DATA UNDER STUDY Start Marker
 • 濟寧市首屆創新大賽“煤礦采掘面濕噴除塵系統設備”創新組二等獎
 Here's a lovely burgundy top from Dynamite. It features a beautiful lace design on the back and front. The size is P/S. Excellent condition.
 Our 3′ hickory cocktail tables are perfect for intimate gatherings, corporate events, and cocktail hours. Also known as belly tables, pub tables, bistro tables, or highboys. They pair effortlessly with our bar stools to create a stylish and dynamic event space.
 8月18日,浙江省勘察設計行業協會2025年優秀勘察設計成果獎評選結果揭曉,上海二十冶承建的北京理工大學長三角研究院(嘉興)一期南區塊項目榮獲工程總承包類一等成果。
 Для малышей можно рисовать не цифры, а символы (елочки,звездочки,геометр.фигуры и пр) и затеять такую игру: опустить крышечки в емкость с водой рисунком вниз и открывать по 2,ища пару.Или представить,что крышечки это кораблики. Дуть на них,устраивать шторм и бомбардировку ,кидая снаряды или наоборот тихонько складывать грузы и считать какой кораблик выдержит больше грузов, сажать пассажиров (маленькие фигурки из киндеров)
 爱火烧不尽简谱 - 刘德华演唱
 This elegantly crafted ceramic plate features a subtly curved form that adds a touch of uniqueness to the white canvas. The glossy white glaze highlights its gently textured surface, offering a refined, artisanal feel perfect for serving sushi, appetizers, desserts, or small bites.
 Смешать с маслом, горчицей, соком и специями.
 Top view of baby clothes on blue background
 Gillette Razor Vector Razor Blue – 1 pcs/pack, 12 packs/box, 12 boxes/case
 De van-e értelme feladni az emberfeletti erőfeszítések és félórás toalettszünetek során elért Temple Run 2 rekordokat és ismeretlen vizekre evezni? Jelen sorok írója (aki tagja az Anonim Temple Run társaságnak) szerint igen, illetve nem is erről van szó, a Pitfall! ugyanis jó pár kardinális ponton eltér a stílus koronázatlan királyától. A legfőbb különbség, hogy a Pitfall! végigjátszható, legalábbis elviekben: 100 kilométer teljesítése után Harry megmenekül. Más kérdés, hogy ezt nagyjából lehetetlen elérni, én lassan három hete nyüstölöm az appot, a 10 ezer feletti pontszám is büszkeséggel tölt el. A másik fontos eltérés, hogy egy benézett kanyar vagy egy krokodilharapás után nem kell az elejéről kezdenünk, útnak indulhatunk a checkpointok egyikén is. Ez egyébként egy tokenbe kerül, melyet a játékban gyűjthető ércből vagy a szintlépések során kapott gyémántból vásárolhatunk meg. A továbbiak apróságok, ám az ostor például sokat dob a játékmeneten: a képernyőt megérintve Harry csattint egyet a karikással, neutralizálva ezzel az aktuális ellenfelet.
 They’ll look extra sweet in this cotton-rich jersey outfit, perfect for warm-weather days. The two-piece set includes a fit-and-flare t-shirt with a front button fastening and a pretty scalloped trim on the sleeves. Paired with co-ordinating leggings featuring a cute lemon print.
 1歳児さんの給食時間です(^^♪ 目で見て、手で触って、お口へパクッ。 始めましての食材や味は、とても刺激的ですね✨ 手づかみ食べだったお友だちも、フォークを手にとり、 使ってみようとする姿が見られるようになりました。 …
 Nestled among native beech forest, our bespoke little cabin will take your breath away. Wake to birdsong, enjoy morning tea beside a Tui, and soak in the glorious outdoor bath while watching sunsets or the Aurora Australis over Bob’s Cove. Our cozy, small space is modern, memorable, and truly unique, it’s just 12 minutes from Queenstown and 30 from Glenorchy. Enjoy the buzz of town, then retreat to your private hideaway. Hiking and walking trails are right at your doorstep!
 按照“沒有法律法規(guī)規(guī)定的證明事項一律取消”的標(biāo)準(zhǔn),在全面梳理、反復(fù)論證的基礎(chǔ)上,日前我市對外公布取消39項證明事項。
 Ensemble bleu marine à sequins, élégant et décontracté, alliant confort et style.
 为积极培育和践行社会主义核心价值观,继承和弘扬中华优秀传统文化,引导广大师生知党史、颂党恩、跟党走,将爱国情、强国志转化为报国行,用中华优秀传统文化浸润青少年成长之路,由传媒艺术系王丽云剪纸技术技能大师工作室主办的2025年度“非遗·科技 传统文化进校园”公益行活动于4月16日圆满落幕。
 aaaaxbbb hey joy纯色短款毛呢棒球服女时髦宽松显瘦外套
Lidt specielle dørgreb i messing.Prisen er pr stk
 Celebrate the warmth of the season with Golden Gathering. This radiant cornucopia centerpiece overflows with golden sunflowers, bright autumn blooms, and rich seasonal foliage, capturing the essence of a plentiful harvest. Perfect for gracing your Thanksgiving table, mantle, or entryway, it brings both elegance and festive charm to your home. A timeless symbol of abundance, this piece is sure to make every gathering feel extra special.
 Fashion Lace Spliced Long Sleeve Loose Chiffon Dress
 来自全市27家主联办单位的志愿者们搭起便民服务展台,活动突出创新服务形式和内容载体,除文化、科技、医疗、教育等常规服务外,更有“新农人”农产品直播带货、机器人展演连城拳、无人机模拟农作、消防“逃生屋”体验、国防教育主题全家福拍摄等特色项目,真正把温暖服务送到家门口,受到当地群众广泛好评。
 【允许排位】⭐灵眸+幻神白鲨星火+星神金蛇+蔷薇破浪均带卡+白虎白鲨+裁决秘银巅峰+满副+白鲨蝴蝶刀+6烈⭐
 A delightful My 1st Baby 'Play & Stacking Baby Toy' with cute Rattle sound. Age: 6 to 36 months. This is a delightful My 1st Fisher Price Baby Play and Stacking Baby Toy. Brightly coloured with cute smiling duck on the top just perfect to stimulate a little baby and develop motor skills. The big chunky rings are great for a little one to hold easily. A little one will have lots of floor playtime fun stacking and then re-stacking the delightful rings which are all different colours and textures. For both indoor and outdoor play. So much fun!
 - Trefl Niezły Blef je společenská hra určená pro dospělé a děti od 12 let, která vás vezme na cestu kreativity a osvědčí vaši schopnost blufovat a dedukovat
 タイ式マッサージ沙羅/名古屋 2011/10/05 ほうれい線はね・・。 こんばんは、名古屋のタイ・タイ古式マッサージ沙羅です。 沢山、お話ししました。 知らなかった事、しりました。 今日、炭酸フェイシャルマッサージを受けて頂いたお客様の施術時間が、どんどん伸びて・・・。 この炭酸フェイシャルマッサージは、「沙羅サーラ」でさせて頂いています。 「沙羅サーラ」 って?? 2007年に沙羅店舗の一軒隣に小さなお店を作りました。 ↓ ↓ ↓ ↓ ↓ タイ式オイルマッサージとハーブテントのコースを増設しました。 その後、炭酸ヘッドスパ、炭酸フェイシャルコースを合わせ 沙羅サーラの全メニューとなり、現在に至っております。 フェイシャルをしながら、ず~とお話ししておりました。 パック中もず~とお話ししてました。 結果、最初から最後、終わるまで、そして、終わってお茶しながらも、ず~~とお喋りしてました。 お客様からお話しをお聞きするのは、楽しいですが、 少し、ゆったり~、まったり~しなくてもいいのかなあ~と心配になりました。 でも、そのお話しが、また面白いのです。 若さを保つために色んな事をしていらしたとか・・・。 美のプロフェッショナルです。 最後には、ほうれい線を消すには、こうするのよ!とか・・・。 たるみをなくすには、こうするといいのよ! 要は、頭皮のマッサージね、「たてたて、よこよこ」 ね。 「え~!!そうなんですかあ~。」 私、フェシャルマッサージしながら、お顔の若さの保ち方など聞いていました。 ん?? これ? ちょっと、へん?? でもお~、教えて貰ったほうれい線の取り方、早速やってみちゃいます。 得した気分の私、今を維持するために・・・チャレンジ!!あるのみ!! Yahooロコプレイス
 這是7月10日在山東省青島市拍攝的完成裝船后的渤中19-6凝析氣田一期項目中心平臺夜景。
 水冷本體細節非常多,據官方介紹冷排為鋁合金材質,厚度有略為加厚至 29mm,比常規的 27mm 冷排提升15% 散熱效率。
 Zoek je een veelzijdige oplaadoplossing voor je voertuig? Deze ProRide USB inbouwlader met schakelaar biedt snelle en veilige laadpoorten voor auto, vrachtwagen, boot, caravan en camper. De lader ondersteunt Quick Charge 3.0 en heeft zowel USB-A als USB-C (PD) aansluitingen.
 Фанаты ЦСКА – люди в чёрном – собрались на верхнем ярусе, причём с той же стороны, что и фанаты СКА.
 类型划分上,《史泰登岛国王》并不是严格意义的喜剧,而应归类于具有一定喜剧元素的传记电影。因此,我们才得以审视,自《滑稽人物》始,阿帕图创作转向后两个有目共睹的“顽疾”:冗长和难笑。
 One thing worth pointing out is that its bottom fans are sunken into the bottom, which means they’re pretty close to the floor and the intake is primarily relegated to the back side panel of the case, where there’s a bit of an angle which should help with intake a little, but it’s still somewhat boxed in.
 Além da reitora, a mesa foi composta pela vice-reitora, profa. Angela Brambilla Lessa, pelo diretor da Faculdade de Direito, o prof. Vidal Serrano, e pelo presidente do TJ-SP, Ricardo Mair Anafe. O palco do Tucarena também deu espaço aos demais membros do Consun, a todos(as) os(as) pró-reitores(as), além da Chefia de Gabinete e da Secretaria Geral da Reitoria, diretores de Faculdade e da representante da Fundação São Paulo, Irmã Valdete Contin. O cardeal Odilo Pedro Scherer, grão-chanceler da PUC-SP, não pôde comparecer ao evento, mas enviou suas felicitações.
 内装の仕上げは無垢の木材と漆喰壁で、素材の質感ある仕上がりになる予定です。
DATA UNDER STUDY End Marker
* **PROBLEM REQUIREMENTS**: Return, unchanged, the run of lines above that opens with the line containing "类型划分上,《史泰登岛国王》" and closes with the line containing "One thing worth". Include both.

* **THE ANSWER**:
 类型划分上,《史泰登岛国王》并不是严格意义的喜剧,而应归类于具有一定喜剧元素的传记电影。因此,我们才得以审视,自《滑稽人物》始,阿帕图创作转向后两个有目共睹的“顽疾”:冗长和难笑。
 One thing worth pointing out is that its bottom fans are sunken into the bottom, which means they’re pretty close to the floor and the intake is primarily relegated to the back side panel of the case, where there’s a bit of an angle which should help with intake a little, but it’s still somewhat boxed in.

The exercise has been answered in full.